Threats do Broncos no good
By Robert Craddock
October 21, 2008
AT WHAT point do the Broncos stop talking about waving a big stick and actually hit someone with it?
At what point do they say "stuff this ... there have been enough warnings ... sorry pal, you're gone."
And, by this, I mean not simply an expendable player like Neville Costigan, but a big name player like Peter Wallace or Sam Thaiday, or whoever. A player whose absence might hurt the club in the short term but allow it to grow long term.
Only when they do this will we know they are truly serious about upgrading their image. It's all right to say the next player to step out of line is going to cop it ... yet when do big-name players ever get pulled into line?
The Broncos have reached a fork in the road. A grubby culture is permeating the club.
They can either do what West Coast Eagles did in the early years of this decade and let things fester and, before you know it, you have a club out of control. Or they can shake the tree by making an example of someone.
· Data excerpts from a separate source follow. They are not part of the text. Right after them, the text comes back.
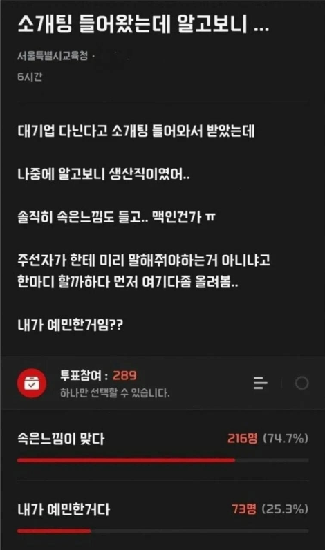 대기업 다닌다고 소개팅 들어와서 받았는데 알고보니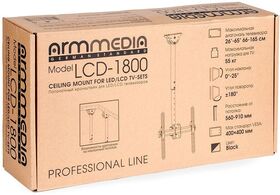 Описание: Потолочный кронштейн для LCD/LED телевизоров размером от 26 до 65 дюймов с максимальным весом до 50 кг. с возможностью крепления на наклонный потолок. Надежная стальная конструкция. Регулировка наклона 0-25 и углом поворота ±180 градусов. Максимальные крепежные размеры 400×400 мм.
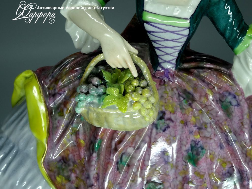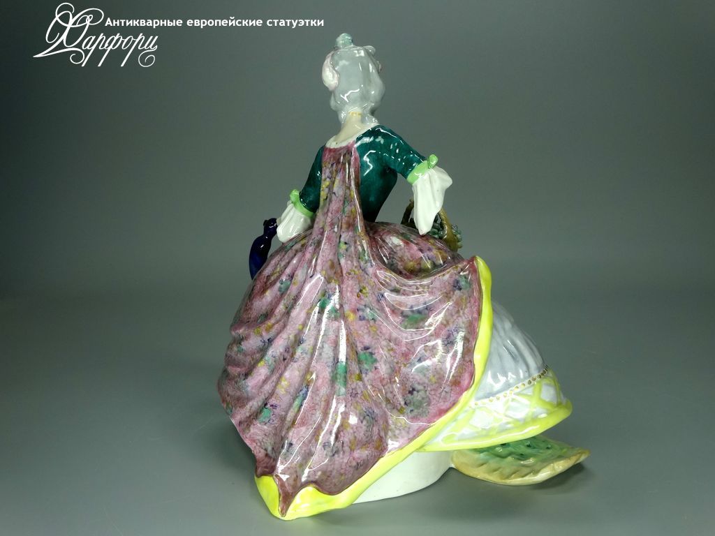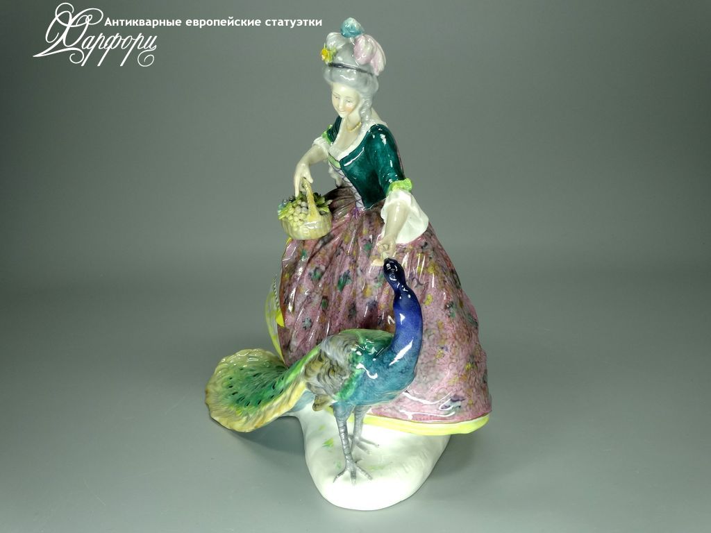 Фарфоровая статуэтка Volkstedt Дама с павлином Оригинальная фарфоровая статуэтка мануфактуры Volkstedt (ГЕРМАНИЯ, 1910-15г).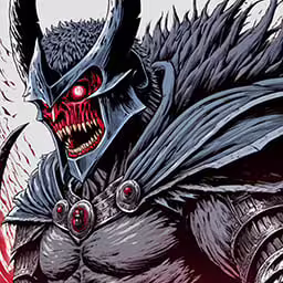 High resolution picture, free to use, a man in black with horns and red eyes wearing a horned mask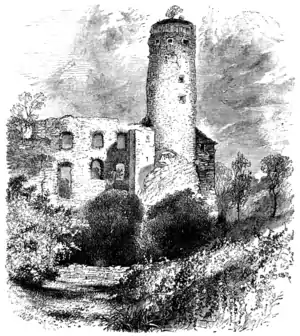 the destruction of the castle was resolved on before its evacuation by the garrison. With the intention of blowing up the whole upper rock, barrels of powder were placed in the cisterns, and covered with stones. The mine exploded before it was ready with prodigious noise and killing nine-and-twenty men, but with only partial damage to the castle. However the work of destruction was furthered in 1819 by a stroke of lightning, which shattered the roof of the tower, and placed the castle much in the condition in which it is now to be seen. It is never likely to be used again as a fortress in these days of long-range artillery, commanded as it is on every side by hills. After all its vicissitudes of fortune and changes of masters, Königstein is one of the grandest ruins in Germany, especially when viewed from the south-east, dark against the sunset.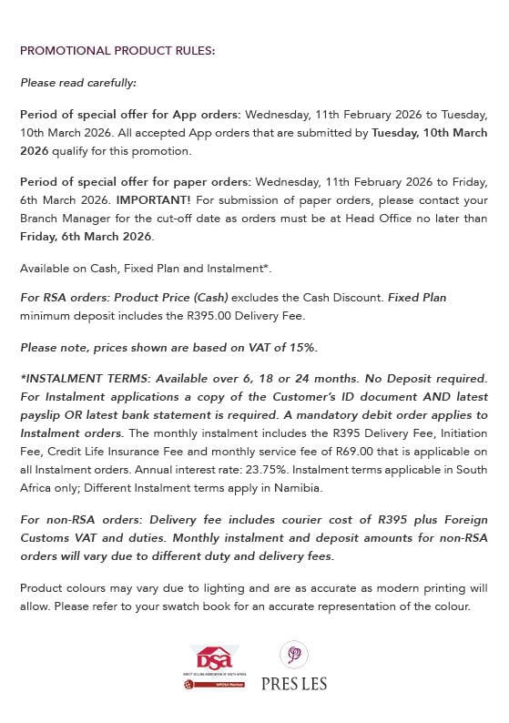 Pres Les products are sold exclusively through our network of Sales Consultants across Southern Africa. Our Sales Consultants are trained professionals who will assist and guide you in making the best product investment to create the style you have been dreaming of.

Summoning the players to a "next time you're in big big trouble" meeting may create big headlines but instead of having that meeting half the way through the players' holidays, why was it not held before the side left?
Words are cheap. Actions are what matter.
The word is Brisbane will eventually fine three players involved in a recent after-dark indiscretion and Wallace may get the same fate.
But, as most professional sportsmen will tell you, fines are a waste of time.
They barely ever stop players from doing anything they don't want to.
Suspensions and sackings are different.
What really hurts a player is sitting on the sidelines watching his teammates when he is fully fit and available for selection.
Wallace's future at the Broncos is as safe as the club mascot, for he is the halfback they have been searching for since Allan Langer retired.
By signing him to a five-year deal they are planning to build a club on him.
And there's the problem.
With that security comes the knowledge that, unless he is caught setting the club on fire, he is virtually untouchable.
It is not the way things are supposed to be ... but it is the way they are.
Club officials were at pains on Monday to describe the Wallace incident as "minor". Really? We are not going to call it the crime of the century, but the bloke got arrested.
Have you ever tried to get arrested?
It's actually quite hard to do. Most security men will cut you a bit of slack and even the most petulant policeman will normally say, "c'mon mate ... just watch yourself".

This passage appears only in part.